Mom and Dad watched all of this unfold with a mix of horror and confusion. Mom’s fingers caressed her lucky amethyst necklace, and Dad kept glancing at the bird clock, just visible through the kitchen door.
“Tell us what you know,” said Dad.
“No,” said Orion, folding his arms and practically begging to get grounded. “You tell us.”
***
Aissaba and Tassadu idled in the queue while the English speaking Rot Cultists finally got their turn to interact with the merchant. They traded what appeared to be a car exhaust pipe and a butterfly knife for a set of tools that might be for prying pebbles from trees. Then, after much discussion amongst themselves, they attempted to trade seven map pebbles and twenty life pebbles for a single language pebble.
“No,” said the merchant – a twin of the cafeteria lady back home who used to give Aissaba extra helpings. “We’re out.”
The trio then attempted to add their recently-acquired tool set to the bargain. This resulted in another “No” – but only after some hesitation.
“So you’re not exactly out,” said Lobster Pincers. “You’re just ‘out.’” With his modified hands, he made a gesture that was supposed to be air quotes.
“For you,” said the merchant, “we’re out. Maybe next week.”
The smaller of the three English speakers gave an irritated buzzy monologue that Octopus Tentacles translated as, “We could be convinced to throw in an Earth laptop – scuffed but working.
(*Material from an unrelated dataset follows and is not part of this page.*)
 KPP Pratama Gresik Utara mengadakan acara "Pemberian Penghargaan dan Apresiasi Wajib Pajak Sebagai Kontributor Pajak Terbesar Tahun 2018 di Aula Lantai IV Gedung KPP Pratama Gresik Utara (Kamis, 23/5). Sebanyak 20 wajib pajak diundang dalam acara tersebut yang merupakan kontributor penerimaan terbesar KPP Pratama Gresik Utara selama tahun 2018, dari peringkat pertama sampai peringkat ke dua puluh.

And the carcass of a rare creature we recently acquired... deep in the volcanic deserts of the Master World...” His voice grew low, like a storyteller–
–but the merchant was having none of it. “What am I going to do with a carcass? Cook it?” She gestured over her shoulder at the rotisserie, where a pig-like animal was rotating slowly on its axis, the crank being turned by a bone collector approximating a small monkey.
“Clone it?” suggested Octopus. “Make an army of them? It’s none of my business. I just know that it’s one of the more fascinating pebble hybrids I’ve seen. I’m sure the Masters of Rot would be interested…”
“To make clones,” said the merchant, “I’d need to reflash my life pebbles with some kind of cloning protocol. And as I’ve told you three times now, I’m out of language pebbles until next week.”
Aissaba glanced at Tassadu who gave a small shake of the head and, in very unambiguous facial expressions, said, Don’t do it. Don’t do anything. Don’t be an idiot. She wasn’t sure what he thought she might do. She wasn’t planning anything. But then again, her fingers did just happen to be in her pockets, swirling the pebbles therein. There were four language pebbles, she knew – one containing her mother’s personality model, two having been sliced out of their stomachs recently, and one recovered from the smoke monster just outside the gates.
“So, what’s a language pebble worth around here?” someone said. When the merchant, the three English speakers, and several bystanders turned in her direction, Aissaba realized it had been her. Tassadu pulled his hood even lower, making it clear that Aissaba was on her own here.